Note: This bug is displayed in read-only format because
the product is no longer active in Red Hat Bugzilla.
Red Hat Satellite engineering is moving the tracking of its product development work on Satellite to Red Hat Jira (issues.redhat.com). If you're a Red Hat customer, please continue to file support cases via the Red Hat customer portal. If you're not, please head to the "Satellite project" in Red Hat Jira and file new tickets here. Individual Bugzilla bugs will be migrated starting at the end of May. If you cannot log in to RH Jira, please consult article #7032570. That failing, please send an e-mail to the RH Jira admins at rh-issues@redhat.com to troubleshoot your issue as a user management inquiry. The email creates a ServiceNow ticket with Red Hat.
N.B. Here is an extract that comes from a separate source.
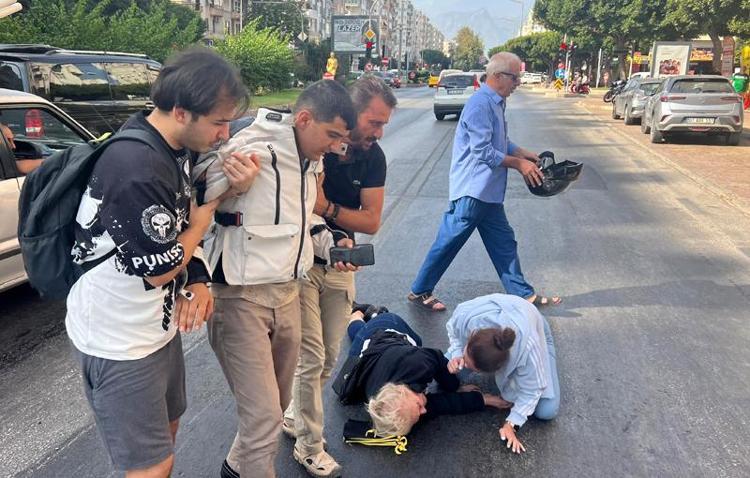 Kaza, saat 10.00 sıralarında Muratpaşa ilçesi 100. Yıl Bulvarı hastane istikametinde meydana geldi. 07 BDK 638 plakalı motosikletle seyir halinde olan Umutcan Konuş ile kayınvalidesi Leyla Arıkan, yola dökülen mazot nedeniyle araç kayınca yere düştü. Hemen arkadan gelen 07 BHE 479 plakalı motosikletin sürücüsü Kemal Hatipoğlu da ani fren yapınca yere savruldu. Ayağa kalkan Kemal Hatipoğlu bir şeyi olmadığını söylerken, Konuş ile kayınvalidesi Arıkan yerde ambulansı bekledi.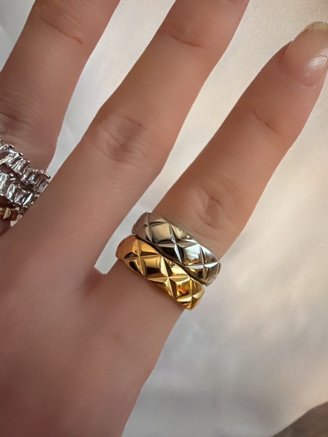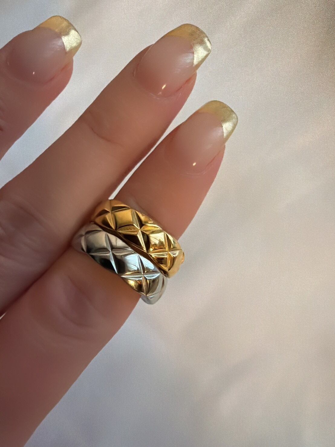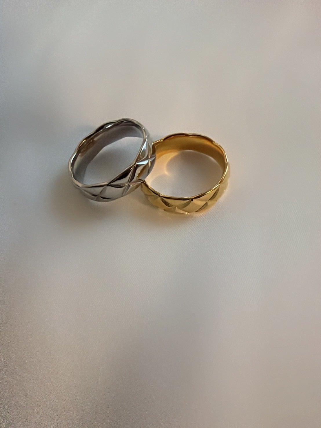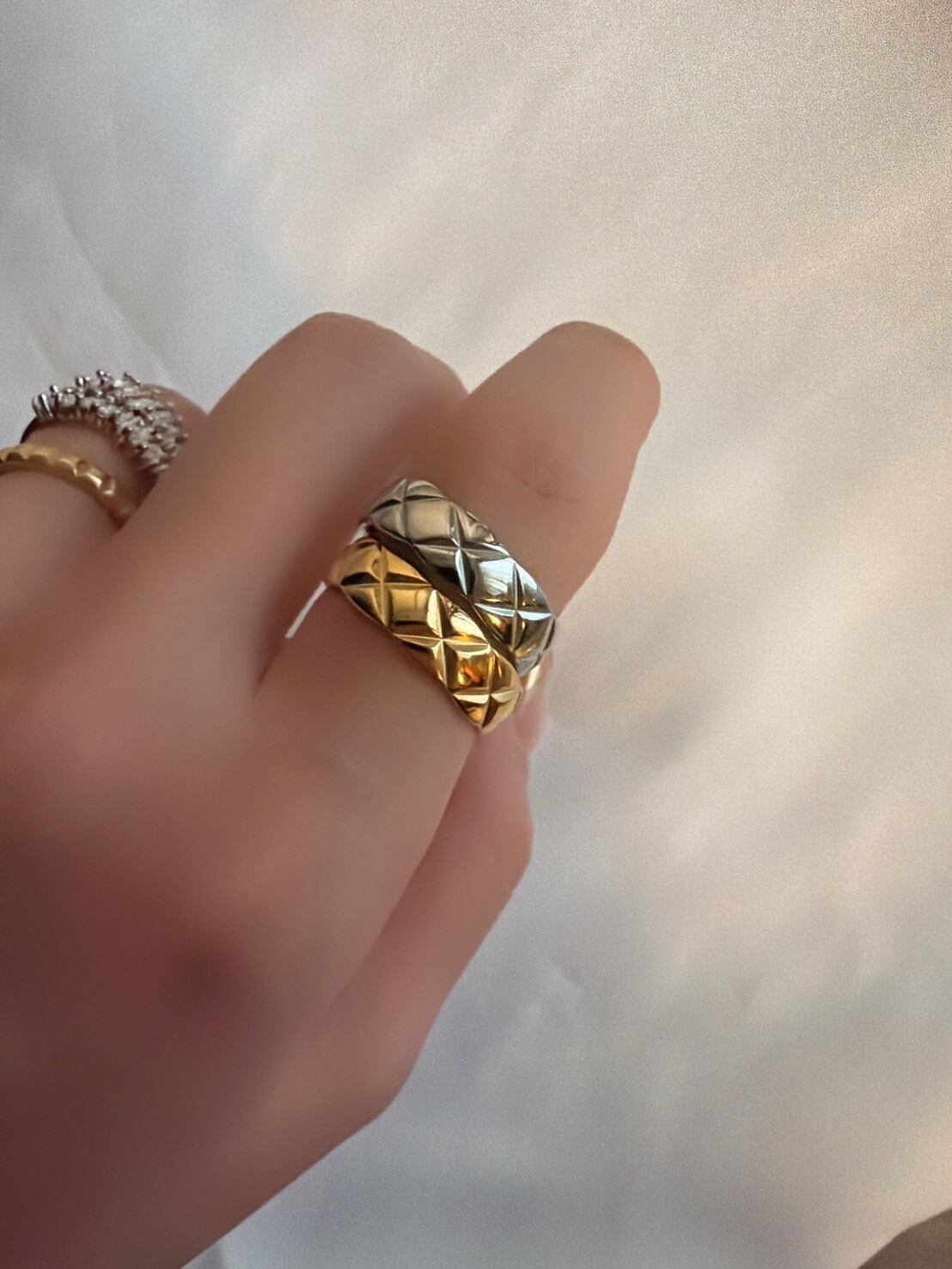 立体的なキルティング模様が目を惹く「キルティングリング」。ふっくらとしたフォルムに施されたクロスカットのデザインが、光を受けるたびに美しく反射し、指先に上品な存在感を与えます。

Individual Bugzilla bugs that are migrated will be moved to status "CLOSED", resolution "MIGRATED", and set with "MigratedToJIRA" in "Keywords". The link to the successor Jira issue will be found under "Links", have a little "two-footprint" icon next to it, and direct you to the "Satellite project" in Red Hat Jira (issue links are of type "https://issues.redhat.com/browse/SAT-XXXX", where "X" is a digit). This same link will be available in a blue banner at the top of the page informing you that that bug has been migrated.
Description of problem:
I think there may be a regression in the following commit.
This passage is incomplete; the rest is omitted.